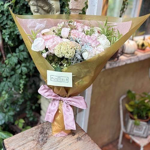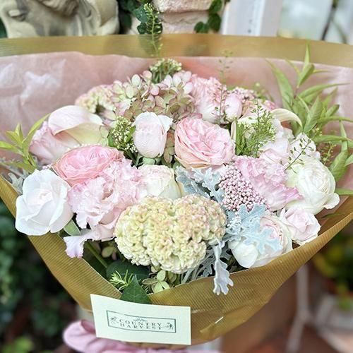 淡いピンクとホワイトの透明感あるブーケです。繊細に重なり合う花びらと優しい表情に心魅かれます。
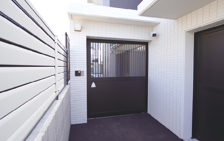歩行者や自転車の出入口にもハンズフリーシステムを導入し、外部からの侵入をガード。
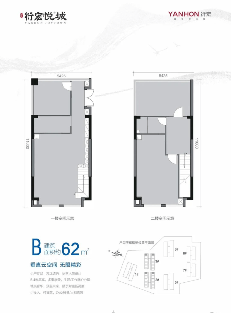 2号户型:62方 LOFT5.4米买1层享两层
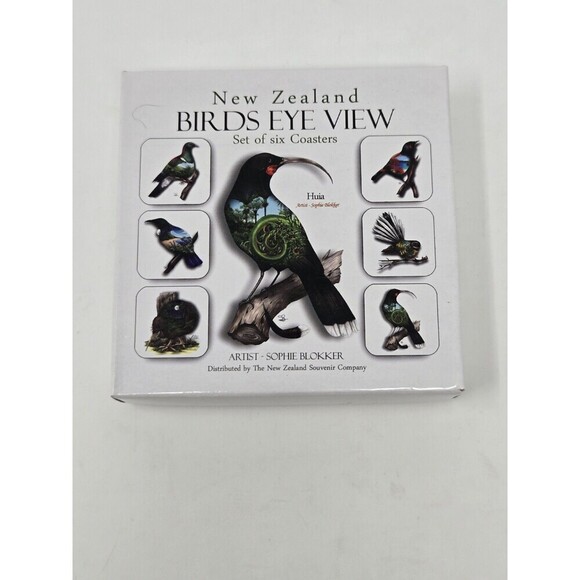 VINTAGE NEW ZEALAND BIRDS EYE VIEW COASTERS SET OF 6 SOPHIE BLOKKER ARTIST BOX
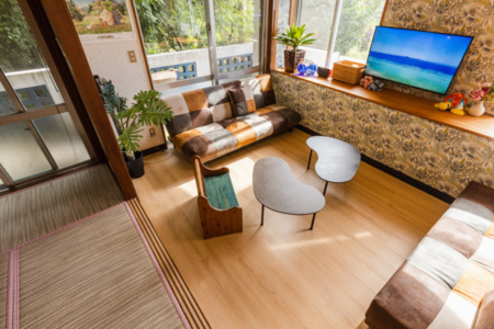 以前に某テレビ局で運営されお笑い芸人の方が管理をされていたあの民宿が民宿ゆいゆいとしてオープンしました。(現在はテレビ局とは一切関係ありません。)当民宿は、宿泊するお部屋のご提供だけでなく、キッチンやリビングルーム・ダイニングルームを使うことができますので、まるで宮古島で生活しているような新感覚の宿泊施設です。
---
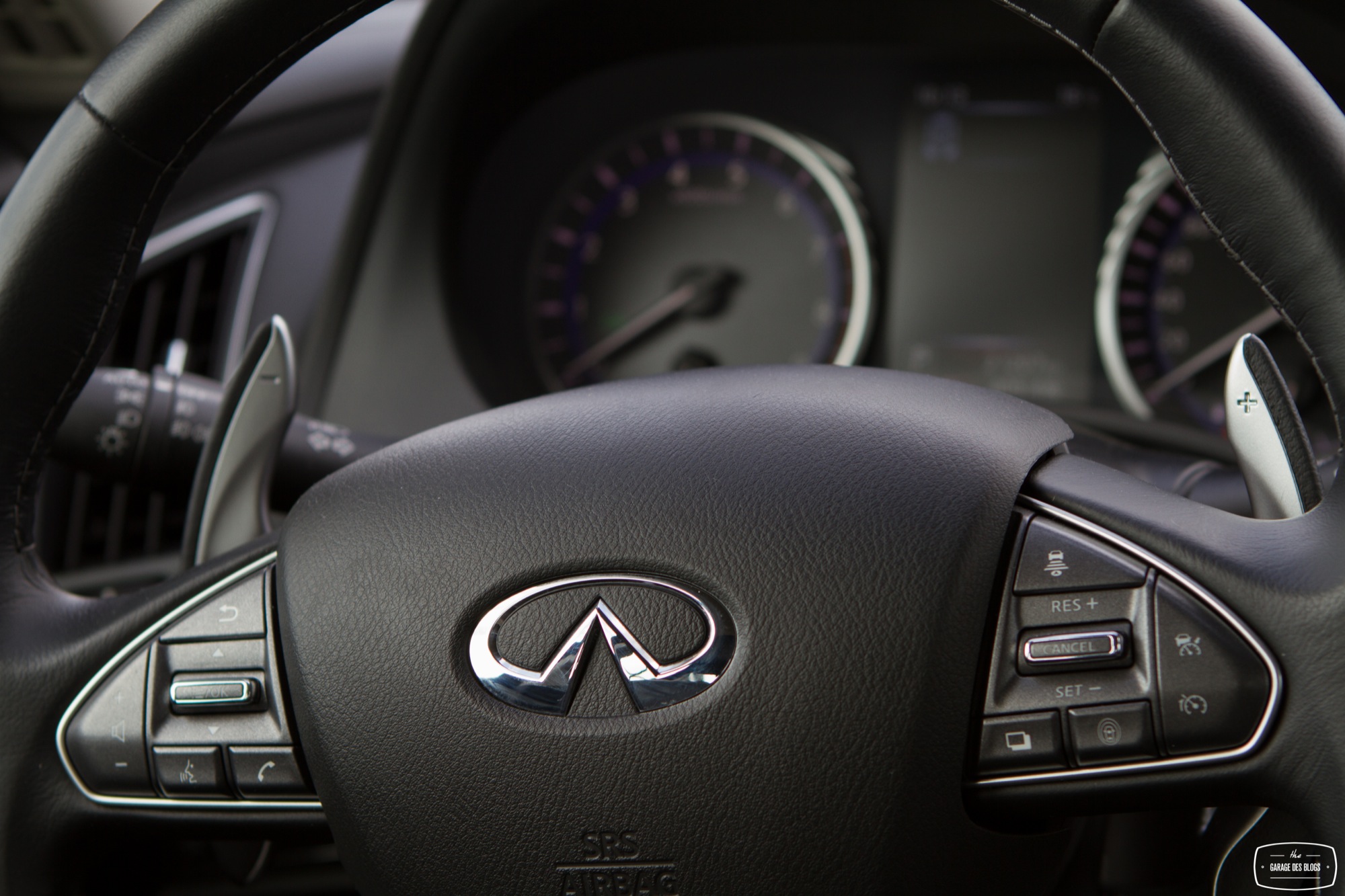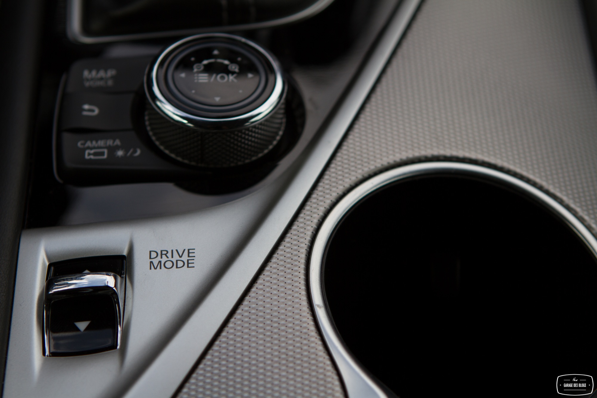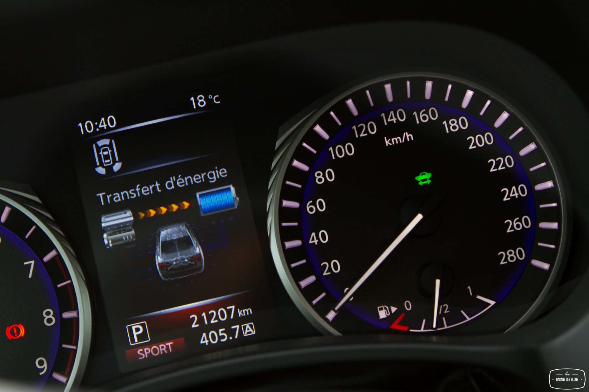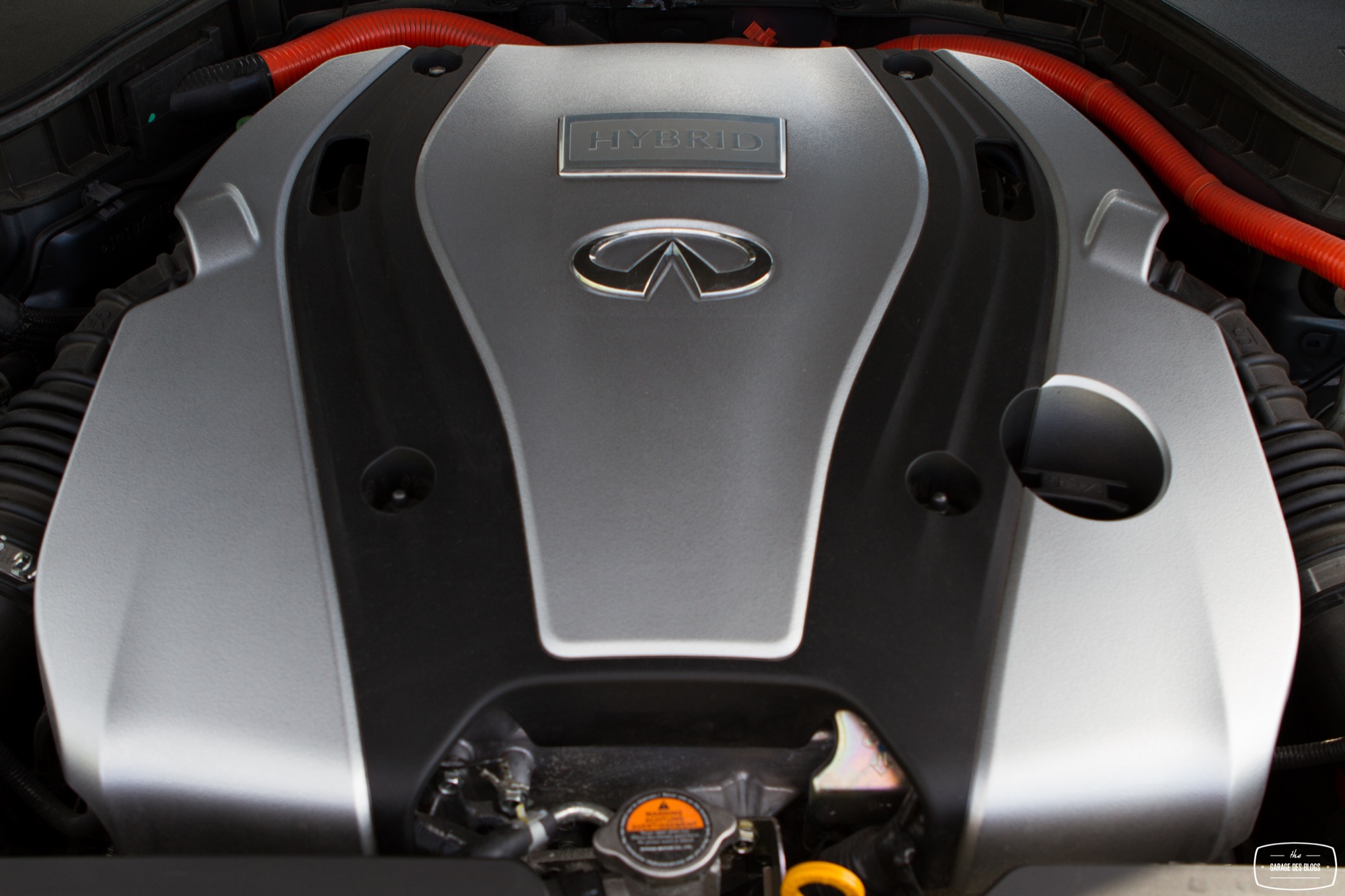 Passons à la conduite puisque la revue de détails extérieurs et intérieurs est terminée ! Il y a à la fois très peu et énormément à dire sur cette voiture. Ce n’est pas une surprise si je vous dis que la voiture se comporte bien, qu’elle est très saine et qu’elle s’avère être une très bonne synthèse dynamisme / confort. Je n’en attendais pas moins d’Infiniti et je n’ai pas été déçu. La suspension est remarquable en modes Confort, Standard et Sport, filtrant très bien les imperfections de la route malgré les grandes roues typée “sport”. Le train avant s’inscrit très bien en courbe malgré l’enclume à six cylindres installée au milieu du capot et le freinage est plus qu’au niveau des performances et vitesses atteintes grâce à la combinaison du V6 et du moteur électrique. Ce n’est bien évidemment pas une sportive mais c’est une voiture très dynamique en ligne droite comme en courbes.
* * *
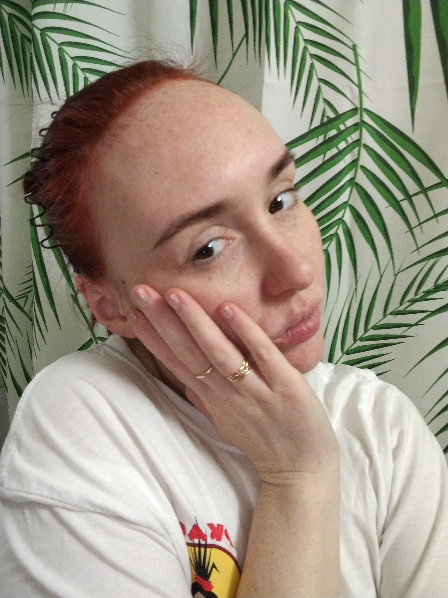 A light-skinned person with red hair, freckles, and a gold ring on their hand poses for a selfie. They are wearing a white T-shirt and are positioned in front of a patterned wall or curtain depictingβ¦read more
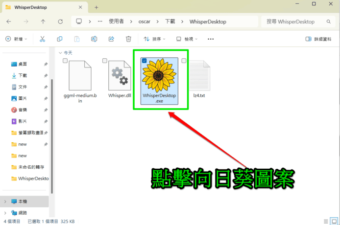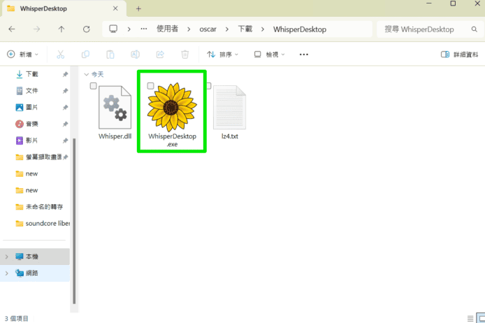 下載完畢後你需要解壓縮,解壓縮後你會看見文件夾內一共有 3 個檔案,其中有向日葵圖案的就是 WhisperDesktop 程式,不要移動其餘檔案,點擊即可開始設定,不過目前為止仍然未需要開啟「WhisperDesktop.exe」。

◆ WHAT IS NEEDED
Starting at the line above that contains "歩行者や自転車の出入口にもハンズフリーシステムを導入し、外部からの侵入をガード。", transcribe every line exactly through the line that contains "以前に某テレビ局で運営されお", including that last one, and skip the pictures.

◆ SOLUTION TO THE PROBLEM
歩行者や自転車の出入口にもハンズフリーシステムを導入し、外部からの侵入をガード。
 2号户型:62方 LOFT5.4米买1层享两层
 VINTAGE NEW ZEALAND BIRDS EYE VIEW COASTERS SET OF 6 SOPHIE BLOKKER ARTIST BOX
 以前に某テレビ局で運営されお笑い芸人の方が管理をされていたあの民宿が民宿ゆいゆいとしてオープンしました。(現在はテレビ局とは一切関係ありません。)当民宿は、宿泊するお部屋のご提供だけでなく、キッチンやリビングルーム・ダイニングルームを使うことができますので、まるで宮古島で生活しているような新感覚の宿泊施設です。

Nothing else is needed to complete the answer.